Banev finds himself in the middle of strange events linked to slimies or four-eyes - strange leper people suffering from disfiguring "yellow leprosy" manifesting itself as yellow circles around the eyes. These slimies live in a former leper colony. The town's adult population is terrified by their existence, considering them to be the cause of all the bad and odd things in the town. Nevertheless, the town's teenagers simply adore slimies, that including Banev's daughter Irma. A boy named Bol-Kunats, Irma's friend, invites the writer to a meeting with the town school's students. Banev is deeply shocked by teenagers' high intelligence and disullusioned point of view.
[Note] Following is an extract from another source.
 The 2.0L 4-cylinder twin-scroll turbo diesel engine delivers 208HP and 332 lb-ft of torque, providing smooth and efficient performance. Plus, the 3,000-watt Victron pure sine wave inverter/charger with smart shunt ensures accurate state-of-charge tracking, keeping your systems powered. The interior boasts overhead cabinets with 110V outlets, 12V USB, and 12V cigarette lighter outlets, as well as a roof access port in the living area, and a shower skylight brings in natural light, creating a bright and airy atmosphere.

They appear as superhuman geniuses despising the dirty and corrupt human world and having no pity for the adults.

Banev makes acquaintance with Diana, and discusses slimies in dinner conversations with the chief doctor of the leprosarium Yul Golem, a drunken artist Ram Quadriga and sanitary inspector Pavor Summan. Banev dislikes the mayor, a patron of local fascist thugs, and also the military who guard the slimies. Golem mentions that the genetic disease of slimies represents the future of humanity, a new genetic type of people, intellectually and morally superior to ordinary people.
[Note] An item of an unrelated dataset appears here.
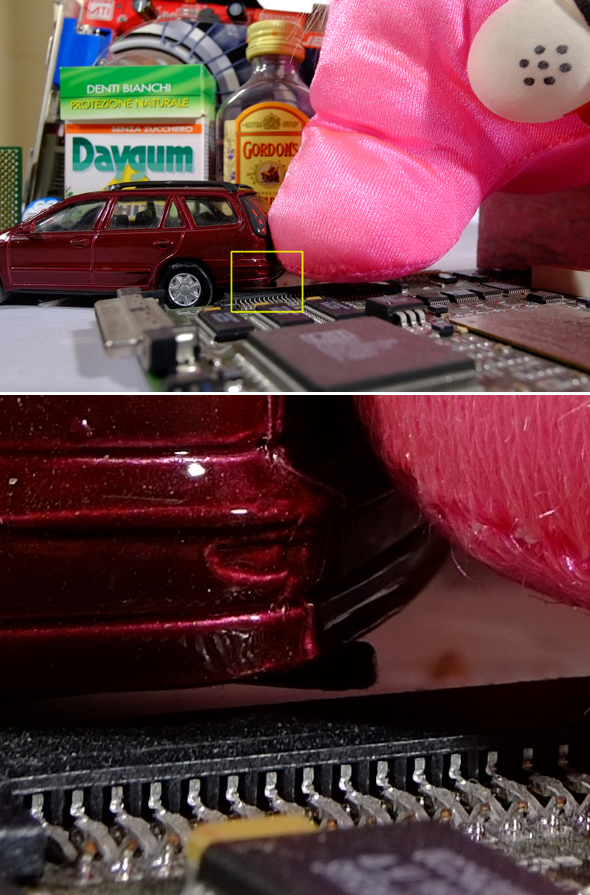 Chi arriva dal mondo delle compatte potrebbe trovarsi deluso dalle capacità macro dell'obiettivo (che infatti non è caratterizzato da tale dicitura). La messa a fuoco minima alla distanza di circa 18cm unita alla focale grandangolare non offre grandi capacità macro: sfruttando però la buona risoluzione e l'ottima nitidezza del sistema è possibile ritagliare scatti con un buon rapporto di ingrandimento apparente per la visualizzazione a display o stampa di piccolo formato. Pagina 7 - Conclusioni

Events begin to unfold dramatically. Banev discovers that Pavor Summan works for counterintelligence, and, learning he's guilty of kidnapping and killing of a slimy, notifies the military out of spite. The town's children leave their parents' homes and move into the leper colony. Adults of the town are gripped with a sudden overpowering feeling of terror, and exodus begins. As soon as all the residents have left town, the rain stops. Golem leaves the last. Banev and Diana enter the city, now disappearing under the rays of Sun. They see Irma and Bol-Kunats all grown up in a day and happy, and Banev's saying to himself: "All this is nice and fine, but I mustn't forget to return."

==Shared ideas==
The novel shares some ideas with later works like The Second Invasion from Mars, Roadside Picnic (a non-standard alien invasion), and The Time Wanderers.

==Cultural references==

- The prototype of Victor Banev is, according to Boris Strugatsky, "a generalized image of the Bard." Among those included in this image, Strugatsky named Alexander Galich, Yuliy Kim, Bulat Okudzhava and Vladimir Vysotsky. With the permission of Vladimir Vysotsky, a slightly modified version of his song "I'm fed up to the neck, chin up .... " is used in the story.
- Boris Strugatsky explained that the original story ended with the Golem's words, "... poor beautiful duckling", and that the ending with a happy ending, writers came up with later, while trying to prepare the story for publication.
- In an off-line interview, Boris Strugatsky confirmed that slimies came from the future. But this future is a terrible thing and they returned to the past, trying to change it. The success of the operation changed the future and destroyed slimies.
- The names of many characters in the story are borrowed from the classical mythologies and reflect the essence of their carriers. For example:
  - Pavor Summan, "medical officer", but actually a counter-intelligence officer
  - Pavor - Greek god of fear, moon god of war Mars; Summan - Roman god of nocturnal lightning.
  - Flamen Juventa, the nephew of the chief of police, "a member of the Legion of liberty", "the young Goliath in a sports jacket, sparkling with numerous logos, our simple home Sturmführer, faithful to support the nation with a rubber truncheon in his back pocket, storm Left, right and moderates
  - Flamen - priests in ancient Rome. Juventas - the Roman goddess of youth.
  - Yule Golem - head doctor leprosarium, playing the role of mediator between slimies and the outside world
  - Golem - from Jewish mythology, artificial person, created out of clay and execute the instructions of its creator.